## Assignment
If a line in the entries below includes "Figure", show that line.

## Listed entries

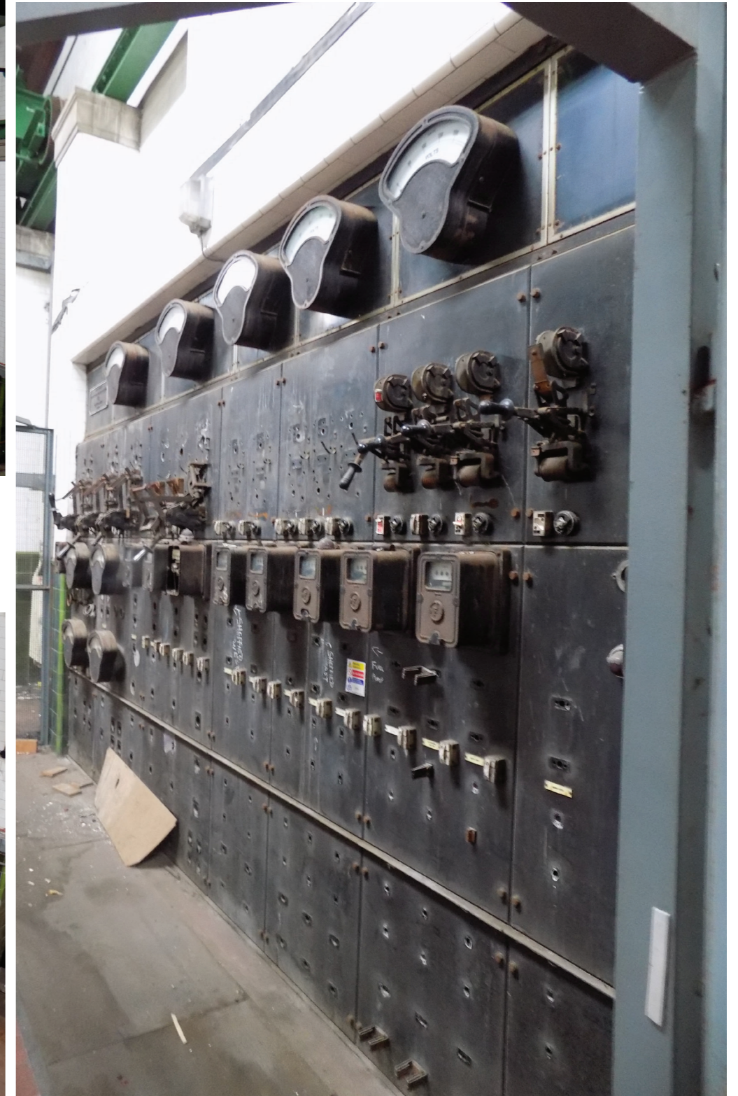
Figure 32: Ruston & Ward Building, damaged electrical control panel in former Ruston engine house (originally Sheffield's Boiler House) (low to medium significance)
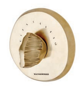
Thermostatic Control Valve Trim with Metal Petra Handle (ISTH01)*
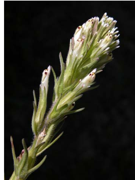
Castilleja attenuata Valley Tassels Native Annual Scrophulariaceae
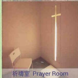
祈禱室 Prayer Room
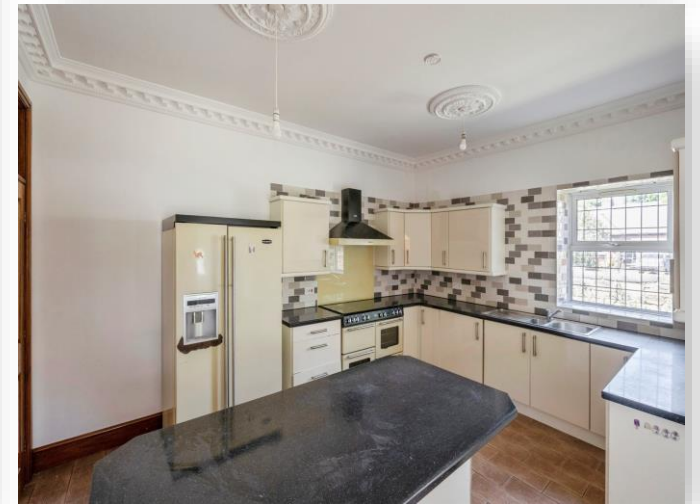
High Street, Thurnscoe Rotherham S63 0ST
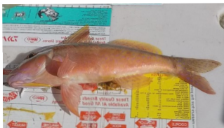
Goatfish and weedy whiting
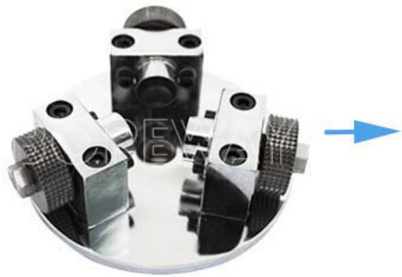
Hundred Teeth Bush Hammer Plate
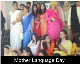
Mother Language Day
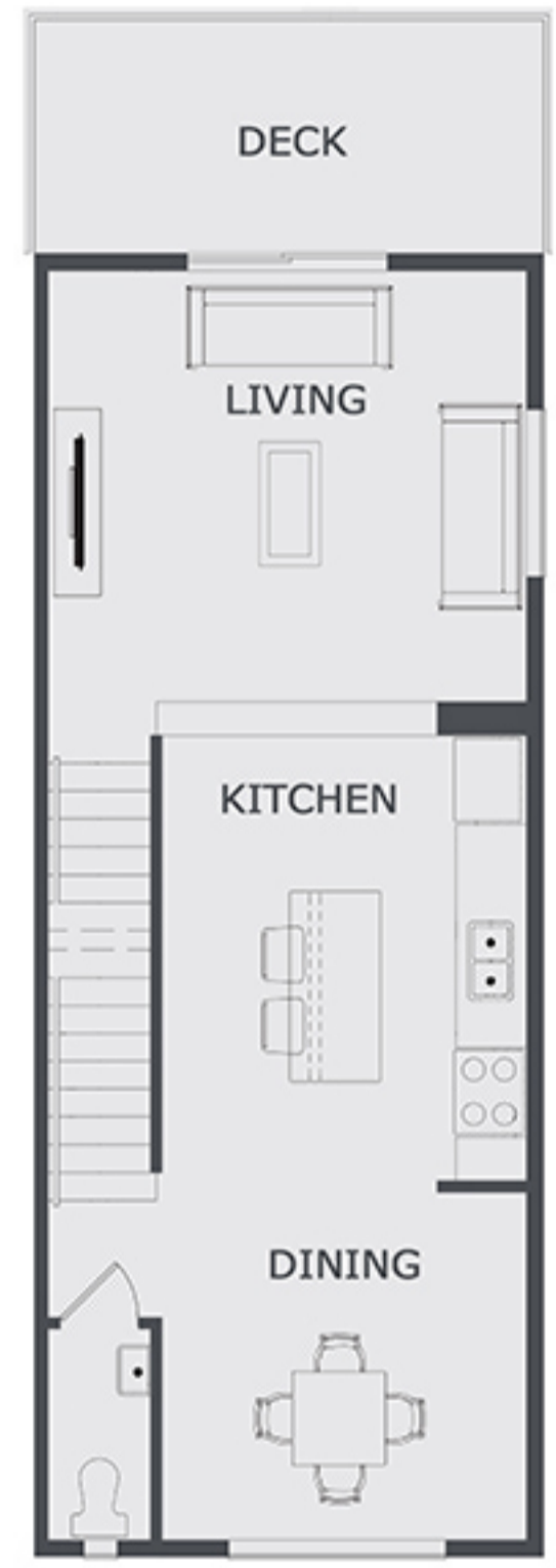
MAIN FLOOR PLAN 588 S.F.
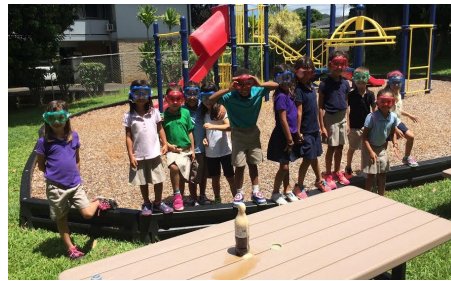
Grade 1 students enjoying their first science experiment
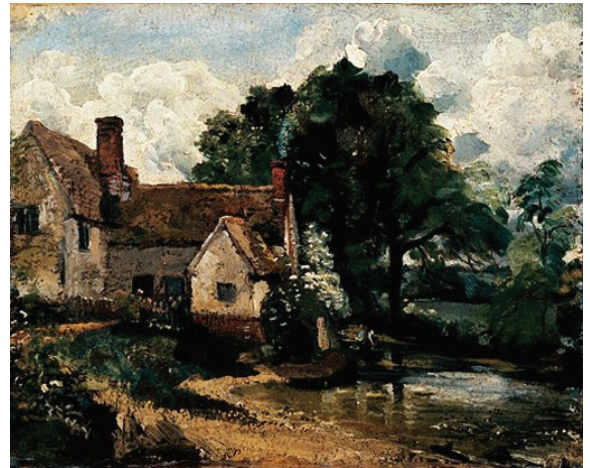
John Constable. Willy Lott's House.

Hanif Saeed (HAWN-IF SIE-EED) - Fictional character.
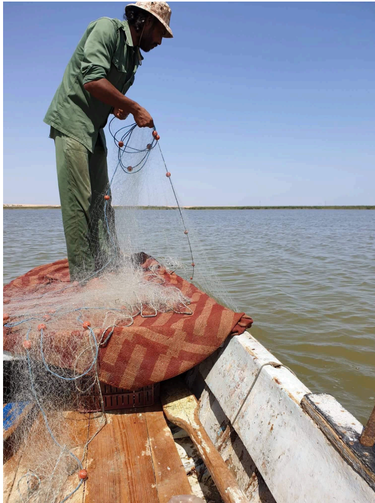
Figure 1. Small-scale deployment of trammel and gill nets at the Umm-Hufayn lagoon, eastern Libyan coast.

Along with the white shrimp Penaeus setiferus (Linnaeus, 1767) and the pink shrimp ( Penaeus duorarum (Burkenroad, 1939)), P. aztecus represents one of the three most important commercial fisheries in its native region in the Gulf of Mexico. These fisheries, which are based on the premise that all individuals spawn, grow, reproduce and die within one year (NOAA 1992), are considered to be in a state of complete exploitation (O'Connor and Matlock 2005). Spawning of P. aztecus occurs offshore, after which post-larval stages are carried passively by advection to estuaries, where they develop into sub-adults which migrate offshore to spawn (NOAA 1992).
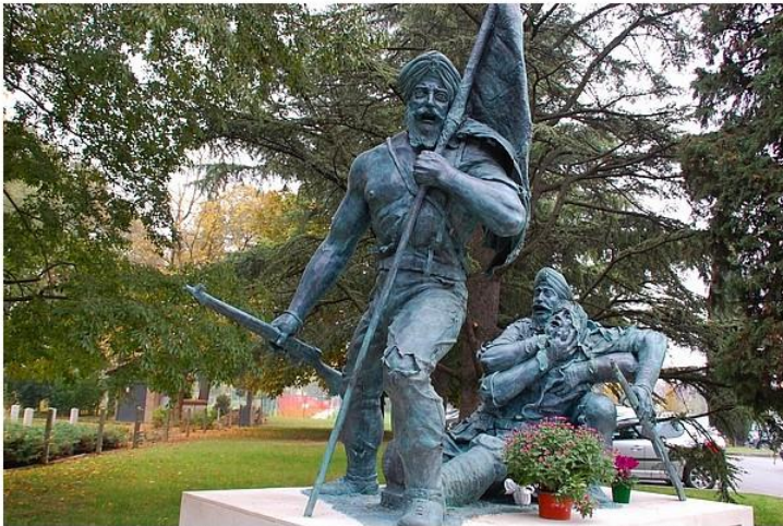
Forli Indian cemetery of second world war soldiers, Italy - S. Deepak, 2011

City of Forli is on Via Emilia, the ancient Roman road that connected Rome to Piacenza. The images on this page are from two cemeteries of Forli. The Indian cemetery includes Hindu, Sikh and Muslim soldiers from British India, who had died in Italy during the second world war. Between September 1944 till May 1945, around 50,000 soldiers had come to Italy from British India, out of which 23,000 had been wounded and 11% (around 5,800) had died. Though called "Indian" cemetery, it also has graves of soldiers who had come from cities that are today in Bangladesh and Pakistan. Italian Sikhs have built a memorial to remember Sikh soldiers who had died here and in August Sikhs gather every year for a day of remembrance and pride.
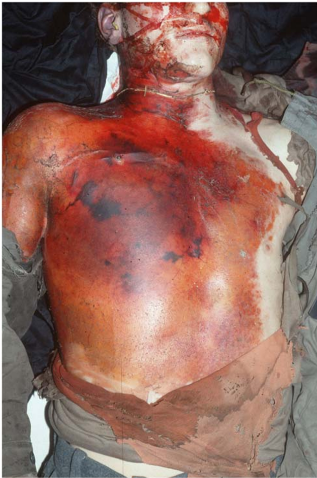
Fig. 5 Case 2: Third degree burns resulting from the jet blast

Defence in Thun, Switzerland, a massive pressure effect in the area of the propulsion jet of the rocket behind the weapon could be shown. The results of the forensic medicine could be easily reconciled with such a pressure effect. It was quite conceivable that the channel-shaped defect could have even occurred without a projectile as the area was small and the pressure was high. It was remarkable that the canal was not
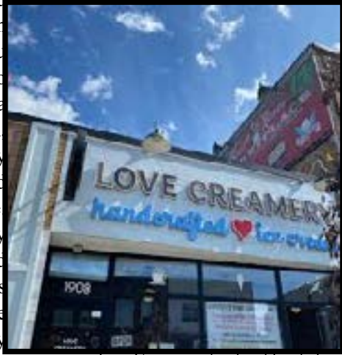
Love Creamery storefront located on W Superior St.

Searching for a list of this week's flavors? Check out some of the unforgettable flavors being scooped up at their Canal location. Salted Caramel (GF) Dark Chocolate (GF) Mint Chip (GF) Caramel Apple Pecan Pie (HG/N) Vegan S'mores (V/GF/S)
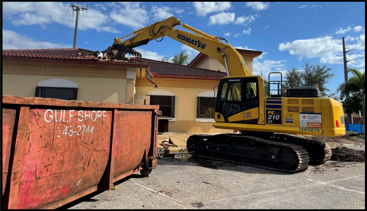
Fire Station 50 – Structure Demolition
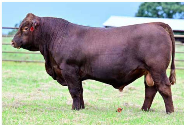
LUCAS LOUDER 707L Sells as Lot 106.
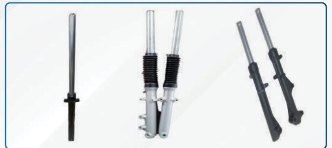
Front Fork Leg Assembly
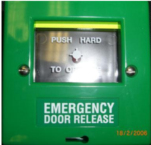
Break glass pushed (door released)
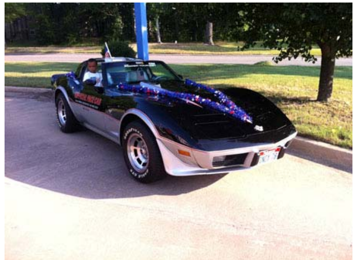
Roy's 1978 Pace Car
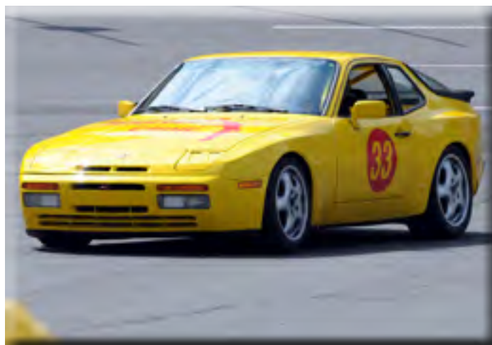
Another view of our new president in this 2010.
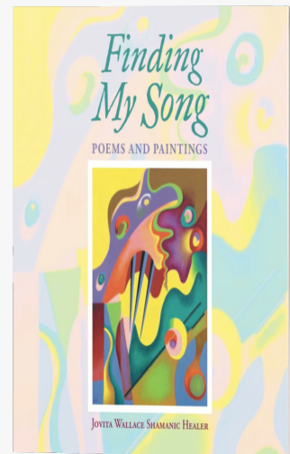
Finding My Song: Poems and Paintings

## Expected answer
Figure 32: Ruston & Ward Building, damaged electrical control panel in former Ruston engine house (originally Sheffield's Boiler House) (low to medium significance)
Figure 1. Small-scale deployment of trammel and gill nets at the Umm-Hufayn lagoon, eastern Libyan coast.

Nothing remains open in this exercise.